Each line in the material below, starting at the one with "حيث يمكنك أن" and ending at the one with "Как известно, монтаж", is to be reproduced exactly; no picture is to be copied.

→ THE RECORDS
- - - -

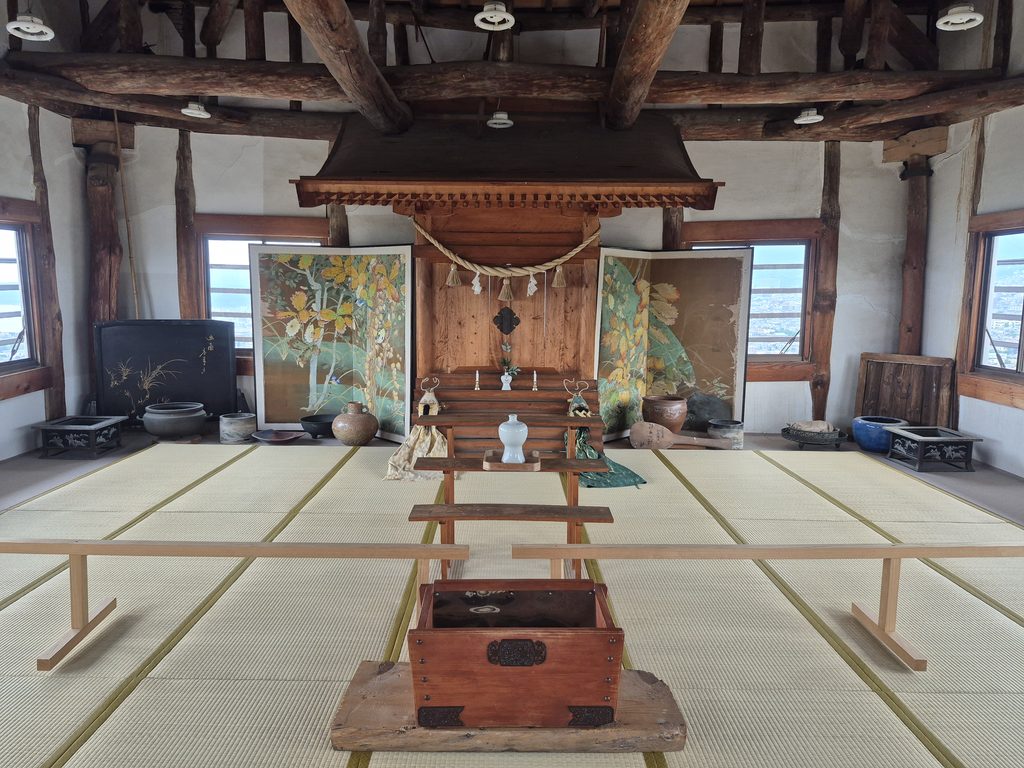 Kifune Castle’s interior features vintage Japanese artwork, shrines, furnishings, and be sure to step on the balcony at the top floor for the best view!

- - - -

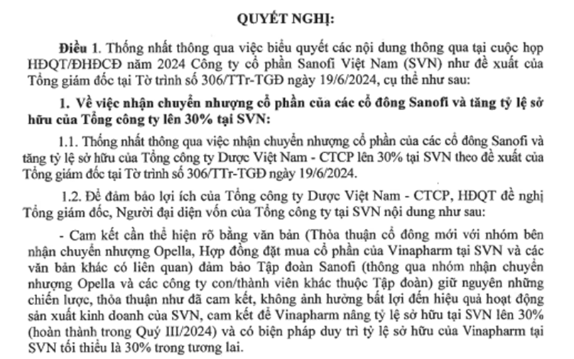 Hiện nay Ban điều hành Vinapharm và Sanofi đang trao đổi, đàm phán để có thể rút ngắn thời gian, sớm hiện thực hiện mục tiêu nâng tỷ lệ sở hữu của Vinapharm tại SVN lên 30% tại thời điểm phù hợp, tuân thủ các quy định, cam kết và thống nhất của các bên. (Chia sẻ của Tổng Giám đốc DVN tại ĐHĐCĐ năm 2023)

- - - -

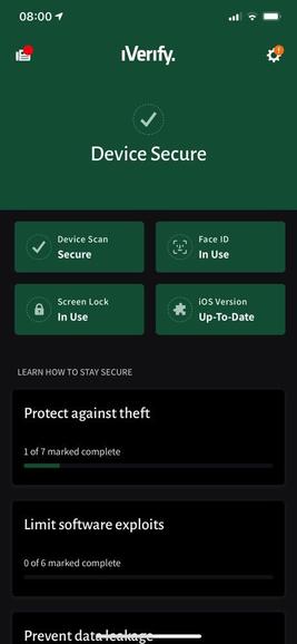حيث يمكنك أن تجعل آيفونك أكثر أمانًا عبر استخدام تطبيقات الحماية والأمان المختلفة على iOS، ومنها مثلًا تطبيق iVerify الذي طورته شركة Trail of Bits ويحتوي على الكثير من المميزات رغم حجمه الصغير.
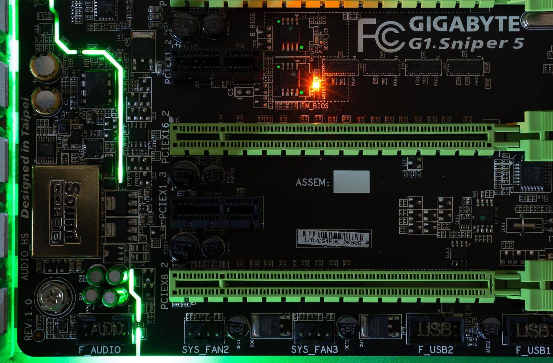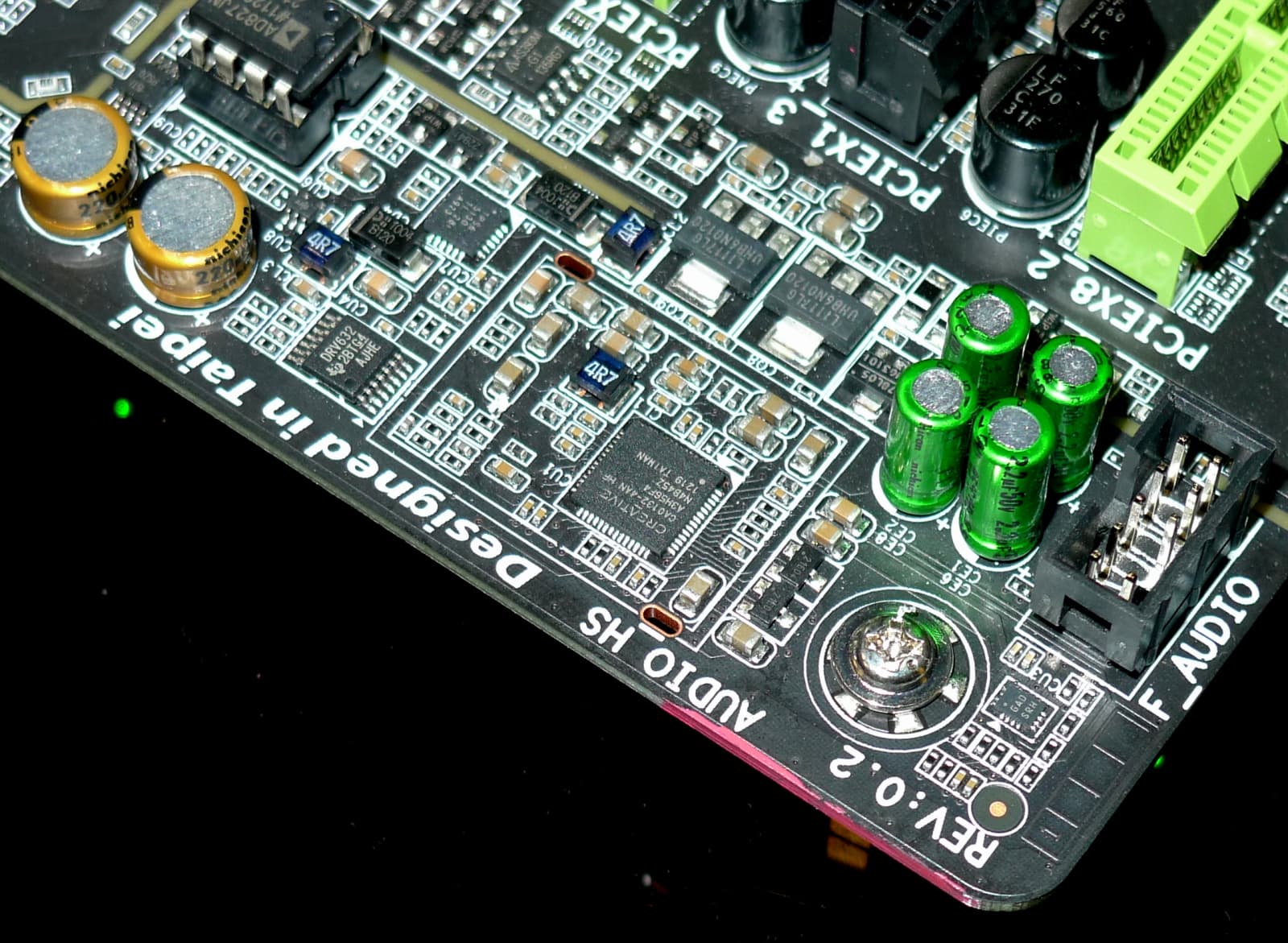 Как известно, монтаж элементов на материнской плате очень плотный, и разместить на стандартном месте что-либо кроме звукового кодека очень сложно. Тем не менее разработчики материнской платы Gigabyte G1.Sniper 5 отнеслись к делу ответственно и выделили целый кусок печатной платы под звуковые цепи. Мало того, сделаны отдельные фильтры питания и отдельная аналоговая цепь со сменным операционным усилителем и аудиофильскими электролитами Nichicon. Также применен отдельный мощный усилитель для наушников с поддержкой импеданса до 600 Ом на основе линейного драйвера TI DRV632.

- - - -

→ YOUR RESPONSE
حيث يمكنك أن تجعل آيفونك أكثر أمانًا عبر استخدام تطبيقات الحماية والأمان المختلفة على iOS، ومنها مثلًا تطبيق iVerify الذي طورته شركة Trail of Bits ويحتوي على الكثير من المميزات رغم حجمه الصغير.
 Как известно, монтаж элементов на материнской плате очень плотный, и разместить на стандартном месте что-либо кроме звукового кодека очень сложно. Тем не менее разработчики материнской платы Gigabyte G1.Sniper 5 отнеслись к делу ответственно и выделили целый кусок печатной платы под звуковые цепи. Мало того, сделаны отдельные фильтры питания и отдельная аналоговая цепь со сменным операционным усилителем и аудиофильскими электролитами Nichicon. Также применен отдельный мощный усилитель для наушников с поддержкой импеданса до 600 Ом на основе линейного драйвера TI DRV632.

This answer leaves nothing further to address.